Here's what it means for document X to cite document Y "normatively":
part of following the X rules is following the Y rules;
if an authority (e.g., IETF or another SDO) is telling you to follow the X rules then the authority is also telling you to follow the Y rules;
in other words, if X is a standard then Y is a standard too.
The second quote is accurately describing the current document as a "draft standard"
and is accurately describing an RFC as an upgrade from that.
An RFC would be a standard.
An RFC would be adding IETF's authority to the notion that it's acceptable to use solo ML-KEM.
People objecting to IETF issuance of this security-damaging document as an RFC
often accurately express this as objecting to standardization.
But then proponents suddenly switch to hyping IETF's deceptive labels.
It's not a "standard"!
It's not on the IETF "standards track"!
It's just "Informational"!
There's this buried note in Section 6 saying "Recommended: N"!
And, by the way, TLS 1.3 isn't actually a standard; it's just a "proposed" standard!
IETF is the premier not-standards development organization for the Internet!
For example,
the same Peter Campbell from GCHQ who wrote
"I support publication as an RFC. An Internet Draft with
codepoints is not sufficient as most SDOs (including the IETF) won't
allow their standards to cite I-Ds normatively"
responded to an objection by
writing
"Good news! While draft-ietf-tls-ecdhe-mlkem is standards track,
draft-ietf-tls-mlkem is not. Its intended status is Informational."

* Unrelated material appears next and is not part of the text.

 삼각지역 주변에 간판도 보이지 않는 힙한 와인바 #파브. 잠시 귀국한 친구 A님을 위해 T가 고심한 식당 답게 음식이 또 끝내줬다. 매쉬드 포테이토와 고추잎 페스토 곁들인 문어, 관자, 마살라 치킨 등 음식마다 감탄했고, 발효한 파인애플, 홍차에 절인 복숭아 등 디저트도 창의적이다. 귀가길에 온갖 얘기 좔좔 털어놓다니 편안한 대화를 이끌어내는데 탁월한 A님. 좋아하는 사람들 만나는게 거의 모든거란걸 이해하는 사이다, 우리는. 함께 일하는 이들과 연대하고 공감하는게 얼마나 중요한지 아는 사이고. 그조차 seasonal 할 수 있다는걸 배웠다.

Praise the influence of an RFC when you're voting in favor of issuing the RFC,
and then flip to denying the influence of the same RFC in response to people objecting to issuing that RFC?
C'mon, you can't have it both ways.
How many objections have been deterred by these denials?
The reality is that
if this document is issued by IETF as an RFC
then it's a standard,
"something set up and established by authority as a rule for the measure of quantity, weight, extent, value, or quality";
concretely, it's an IETF rule saying that rolling out ML-KEM without ECC has acceptable quality.

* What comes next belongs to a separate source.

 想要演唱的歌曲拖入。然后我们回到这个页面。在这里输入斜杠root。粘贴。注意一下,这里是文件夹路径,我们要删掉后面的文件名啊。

A corporate purchasing manager will accurately understand the RFC as a standard,
and won't even see, let alone care about, labels such as "Informational" or "Recommended: N".
NSA contractor Eric Rescorla has
admitted
that what's controversial here is the endorsement conveyed by the issuance of an RFC,
even an "informational" non-"recommended" RFC:
"I think it's clear that many regard the publication
of an RFC by the TLS WG as a form of endorsement, even when Recommended=N [0].
In fact, this is precisely why the publication of some documents has become so
controversial. ...
[0] I don't think this position is entirely unreasonable given that the documents
state on the face of them that they 'represent[s] the consensus of the IETF community.' "
Version:
This is version 2026.07.02 of the 20260702-standard.html web page.